» Task to complete
The answer should be every line below, repeated exactly, with the images left out.

» Information provided
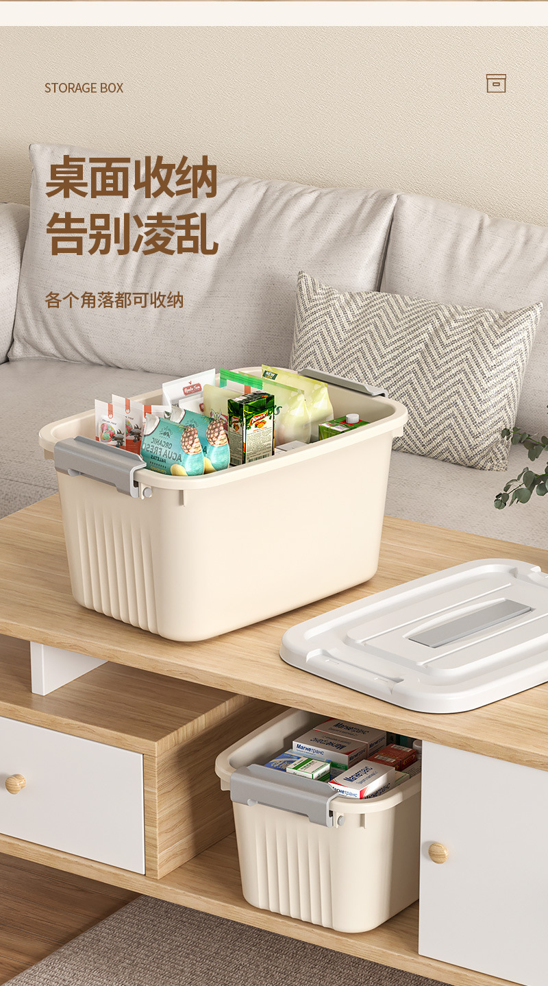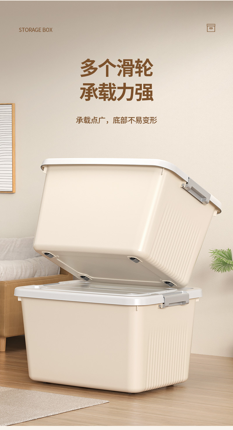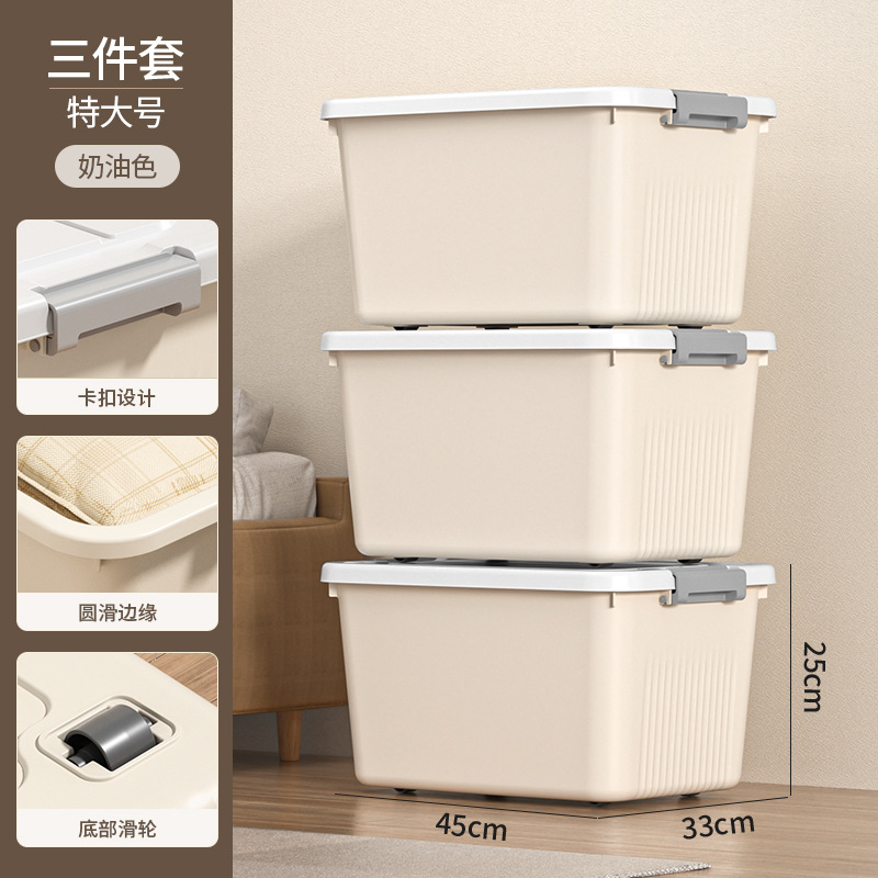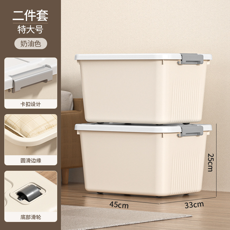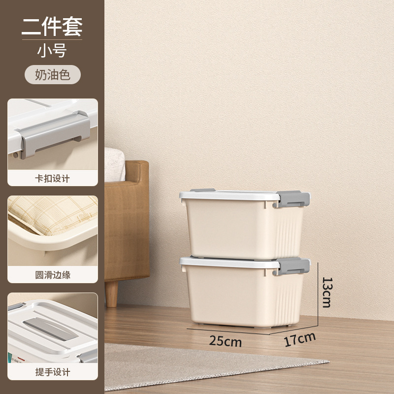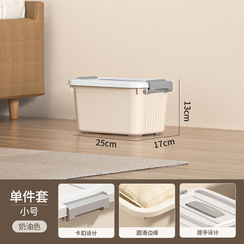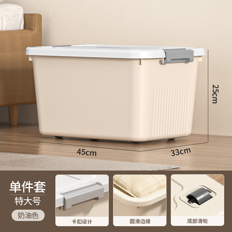 加厚家用收纳箱塑料奶油风收纳大容量衣服整理盒带盖桌面收纳盒
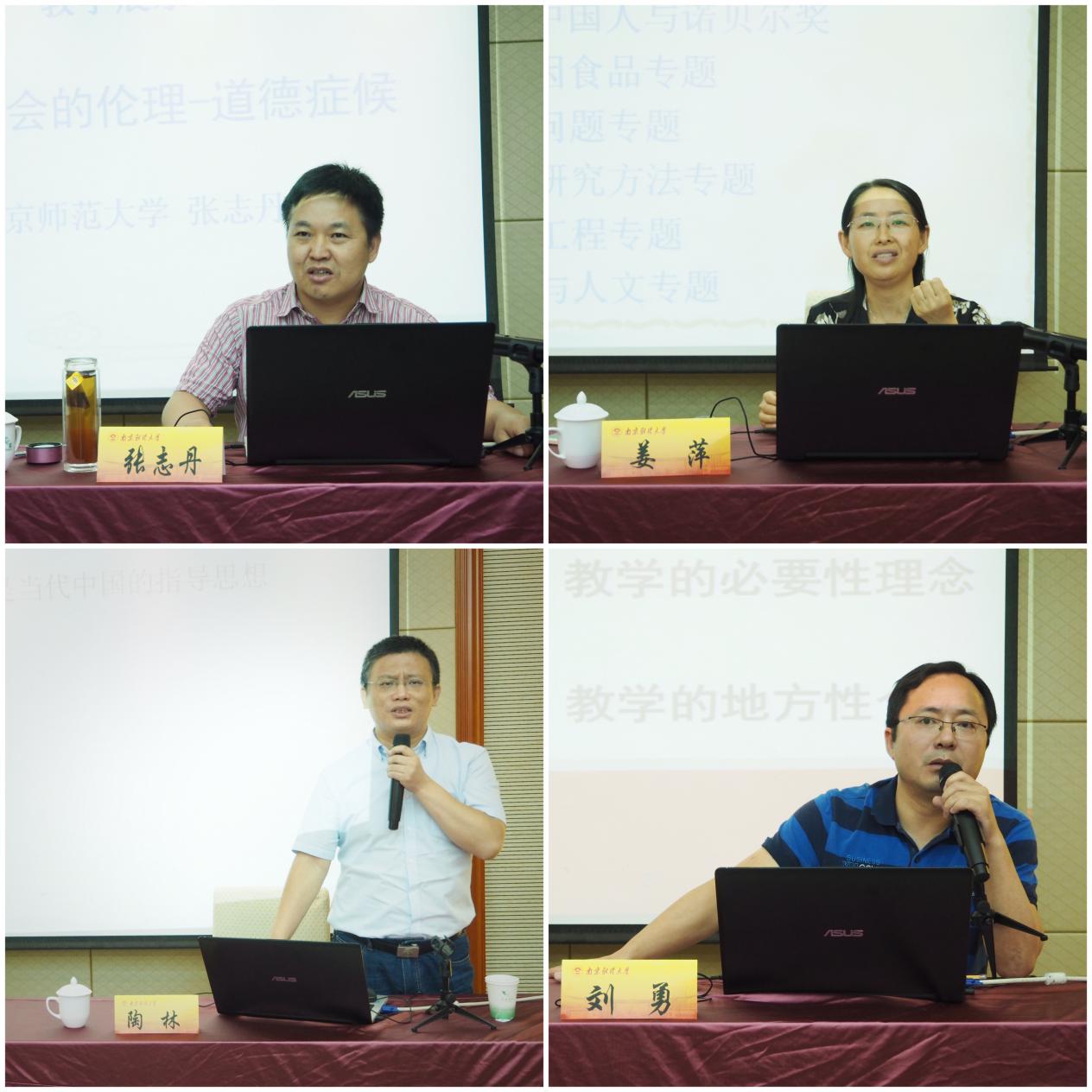 7月15日下午,南京师范大学张志丹教授、南京农业大学姜萍副教授、河海大学陶林副教授以及扬州大学刘勇副教授向学员们进行了教学展示,教学展示由江苏省研究生思想政治理论课教指委副主任张宗明教授主持。张志丹教授教学展示的主题为“现代社会的伦理——道德症候”,他从伦理与道德的概念之分、无伦理的道德与无道德的伦理及两者悖论原因三个方面出发,揭示了现代社会伦理道德悖论的出现所具有的深刻社会历史背景以及精神文化根源。姜萍副教授教学展示的主题为“自然辩证法概论”,她从人在自然界中的地位、人与自然关系的历史、人与自然关系的反思、人与自然关系的调整四个部分出发,进行了论述与展示。陶林副教授教学展示的主题是“当代青年与马克思的对话”,他从“马克思主义过时了吗”、“千年思想家马克思”、“青年人需要学习马克思吗”、“学什么”以及“怎么学”五个方面展开教学,阐述青年应该如何学习马克思主义。刘勇副教授教学展示的主题为“中国特色社会主义理论与实践研究”,他从教学的前置性条件、必要性理论以及教学的地方性个案三个方面进行阐述。
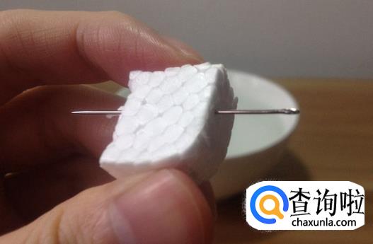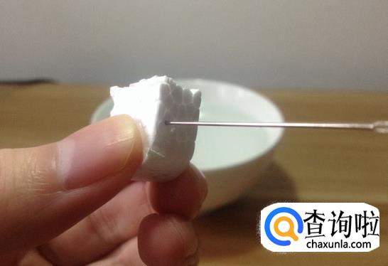接着就把针平缓的插进泡沫里面,尽量往上面插一点,因为这样的话会不容易沾上水,如下图所示。
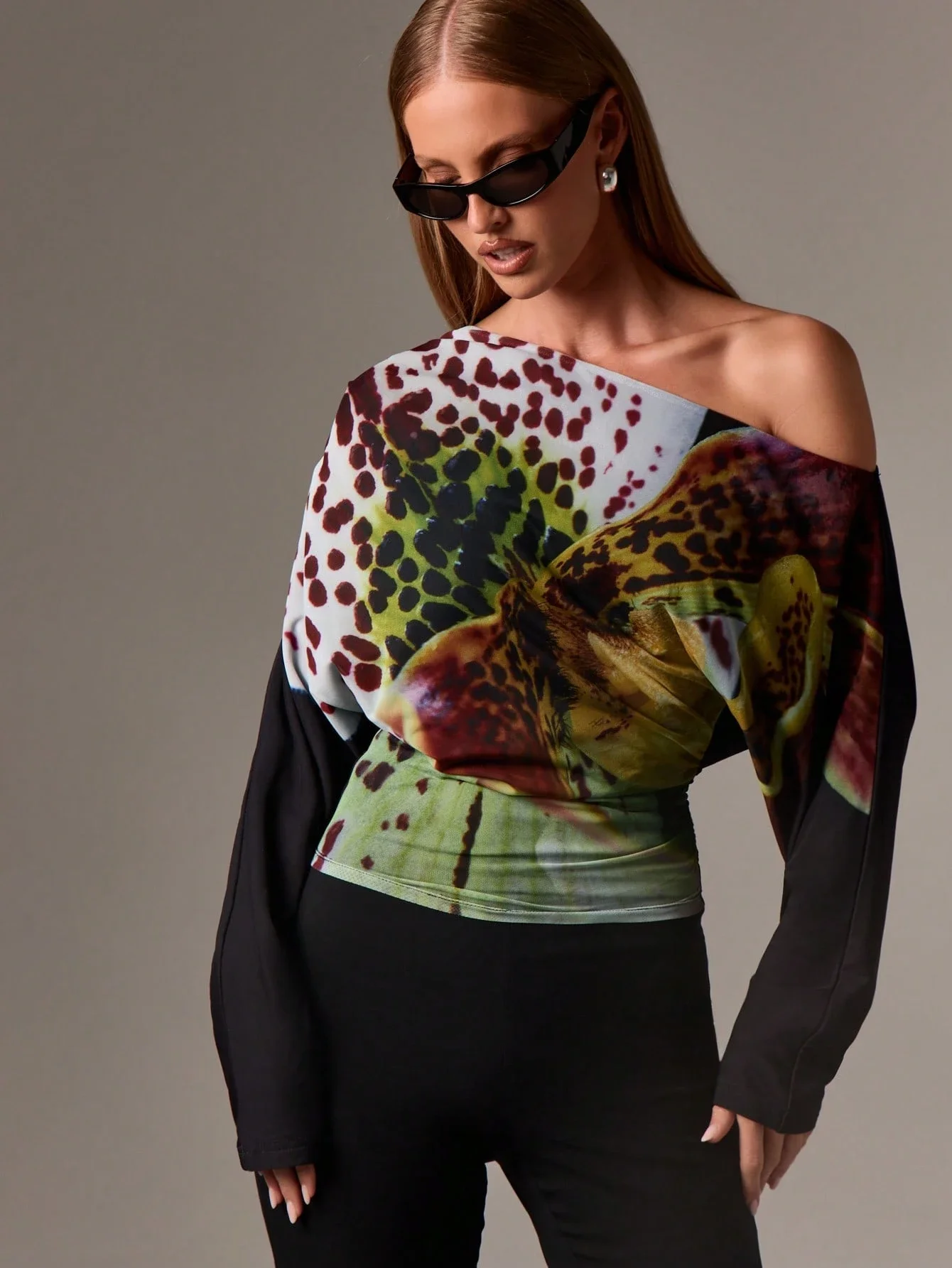 Asymmetrical Off Shoulder Long Sleeve Top With Floral Print Ruched Waist Statement Evening Party Fashion $52.03

» Reply
 加厚家用收纳箱塑料奶油风收纳大容量衣服整理盒带盖桌面收纳盒
 7月15日下午,南京师范大学张志丹教授、南京农业大学姜萍副教授、河海大学陶林副教授以及扬州大学刘勇副教授向学员们进行了教学展示,教学展示由江苏省研究生思想政治理论课教指委副主任张宗明教授主持。张志丹教授教学展示的主题为“现代社会的伦理——道德症候”,他从伦理与道德的概念之分、无伦理的道德与无道德的伦理及两者悖论原因三个方面出发,揭示了现代社会伦理道德悖论的出现所具有的深刻社会历史背景以及精神文化根源。姜萍副教授教学展示的主题为“自然辩证法概论”,她从人在自然界中的地位、人与自然关系的历史、人与自然关系的反思、人与自然关系的调整四个部分出发,进行了论述与展示。陶林副教授教学展示的主题是“当代青年与马克思的对话”,他从“马克思主义过时了吗”、“千年思想家马克思”、“青年人需要学习马克思吗”、“学什么”以及“怎么学”五个方面展开教学,阐述青年应该如何学习马克思主义。刘勇副教授教学展示的主题为“中国特色社会主义理论与实践研究”,他从教学的前置性条件、必要性理论以及教学的地方性个案三个方面进行阐述。
接着就把针平缓的插进泡沫里面,尽量往上面插一点,因为这样的话会不容易沾上水,如下图所示。
 Asymmetrical Off Shoulder Long Sleeve Top With Floral Print Ruched Waist Statement Evening Party Fashion $52.03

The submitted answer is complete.